Because electric force is calculated as (K*q1*q2)/(r^2), doubling the charge in one particle will simply double the force, but increasing the distance to double will drop the force to a quarter of the original, having a greater impact.
Calculate the definite integral of the function 3x^2 + 1 from x=1 to x=5
First, to find the anti-derivative we can just undo the chain rule so that 3x^2 + 1 becomes x^3 + x + C. Using the first fundamental theorem of calculus, we can then calculate that the definite integral = (5^3)+5+C - ((1^3)+1+C). This simplifies to 5^3+3 or 128.
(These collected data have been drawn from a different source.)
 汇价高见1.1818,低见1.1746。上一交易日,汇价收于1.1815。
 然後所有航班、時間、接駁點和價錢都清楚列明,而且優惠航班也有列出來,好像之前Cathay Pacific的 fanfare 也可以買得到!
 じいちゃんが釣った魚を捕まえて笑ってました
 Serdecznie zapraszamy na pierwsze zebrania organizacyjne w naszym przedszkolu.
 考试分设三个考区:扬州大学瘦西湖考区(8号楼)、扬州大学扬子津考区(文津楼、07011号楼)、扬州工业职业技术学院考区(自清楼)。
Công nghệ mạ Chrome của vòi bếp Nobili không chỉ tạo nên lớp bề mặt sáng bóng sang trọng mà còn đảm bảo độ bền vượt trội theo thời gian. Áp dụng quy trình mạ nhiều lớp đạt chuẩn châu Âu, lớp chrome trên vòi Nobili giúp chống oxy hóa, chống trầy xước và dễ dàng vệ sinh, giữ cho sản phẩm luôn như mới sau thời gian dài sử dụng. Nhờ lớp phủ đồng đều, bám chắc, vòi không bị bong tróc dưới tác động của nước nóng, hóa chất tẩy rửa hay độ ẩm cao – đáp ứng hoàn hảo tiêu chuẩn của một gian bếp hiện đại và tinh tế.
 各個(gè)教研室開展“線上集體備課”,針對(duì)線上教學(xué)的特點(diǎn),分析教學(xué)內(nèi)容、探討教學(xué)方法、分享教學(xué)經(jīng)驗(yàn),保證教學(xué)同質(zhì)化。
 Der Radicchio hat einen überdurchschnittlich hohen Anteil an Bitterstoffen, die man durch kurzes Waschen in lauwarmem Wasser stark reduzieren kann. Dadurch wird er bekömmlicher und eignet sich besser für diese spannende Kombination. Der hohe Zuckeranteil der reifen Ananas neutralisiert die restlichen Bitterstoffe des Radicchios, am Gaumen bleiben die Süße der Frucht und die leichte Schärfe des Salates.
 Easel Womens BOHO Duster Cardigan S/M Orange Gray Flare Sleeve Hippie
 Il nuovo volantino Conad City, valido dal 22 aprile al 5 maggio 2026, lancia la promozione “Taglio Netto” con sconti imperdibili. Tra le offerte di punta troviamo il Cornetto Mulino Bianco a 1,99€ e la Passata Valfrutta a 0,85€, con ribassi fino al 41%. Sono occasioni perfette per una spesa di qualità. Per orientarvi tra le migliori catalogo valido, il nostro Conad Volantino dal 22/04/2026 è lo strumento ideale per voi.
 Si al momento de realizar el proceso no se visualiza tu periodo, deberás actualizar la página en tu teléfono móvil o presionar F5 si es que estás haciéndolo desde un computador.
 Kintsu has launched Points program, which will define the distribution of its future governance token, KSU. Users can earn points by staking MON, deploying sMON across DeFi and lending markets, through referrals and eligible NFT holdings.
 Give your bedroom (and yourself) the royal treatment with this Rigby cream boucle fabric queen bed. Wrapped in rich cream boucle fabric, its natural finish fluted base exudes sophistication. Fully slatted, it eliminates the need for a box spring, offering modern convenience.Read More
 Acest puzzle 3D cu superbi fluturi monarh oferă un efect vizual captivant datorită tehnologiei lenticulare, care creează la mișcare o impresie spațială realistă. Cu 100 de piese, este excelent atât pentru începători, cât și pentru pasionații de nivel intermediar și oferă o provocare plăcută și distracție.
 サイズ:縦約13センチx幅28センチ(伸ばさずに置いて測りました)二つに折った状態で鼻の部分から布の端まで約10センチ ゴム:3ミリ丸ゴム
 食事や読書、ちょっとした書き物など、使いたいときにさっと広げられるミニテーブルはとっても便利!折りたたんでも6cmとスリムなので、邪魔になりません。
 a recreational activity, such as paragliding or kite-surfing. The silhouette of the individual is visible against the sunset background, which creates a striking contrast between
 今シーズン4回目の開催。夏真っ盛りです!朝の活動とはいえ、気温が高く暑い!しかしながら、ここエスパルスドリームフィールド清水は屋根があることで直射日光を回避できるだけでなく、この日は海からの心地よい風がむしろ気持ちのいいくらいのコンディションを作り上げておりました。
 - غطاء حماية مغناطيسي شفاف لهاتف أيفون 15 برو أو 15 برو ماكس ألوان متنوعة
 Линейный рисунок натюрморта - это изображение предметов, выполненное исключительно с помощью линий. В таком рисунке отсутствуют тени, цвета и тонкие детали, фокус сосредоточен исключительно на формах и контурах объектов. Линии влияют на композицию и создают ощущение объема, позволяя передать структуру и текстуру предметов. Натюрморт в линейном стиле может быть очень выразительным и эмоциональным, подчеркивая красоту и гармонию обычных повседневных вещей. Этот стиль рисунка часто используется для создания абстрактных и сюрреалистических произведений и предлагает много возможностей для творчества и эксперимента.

Consider a 400 N physics student riding a Ferris wheel. She decides to conduct an experiment to see what the difference in her weight is at the top of the wheel versus the bottom. If at the top of the wheel she her scale reads 300 N how much does her scale read at the bottom of the Ferris wheel?
At the top of the wheel the forces acting on the student in the y-direction can be limited to the force of her scale pushing her up and gravity pushing her down. Because of the motion of the Ferris wheel, part of the force of gravity maintains her circular motion. You can discount this when calculating her weight at the height of the wheel. This situation is mirrored at the bottom of the wheel, but with gravity instead adding to her weight. Therefore, the difference between the reading at the top of the wheel, 300 N, and her normal weight, 400 N is the negative of the difference between the reading at the bottom and her weight. Using this, we can understand that the reading at the bottom of the wheel will be 500 N.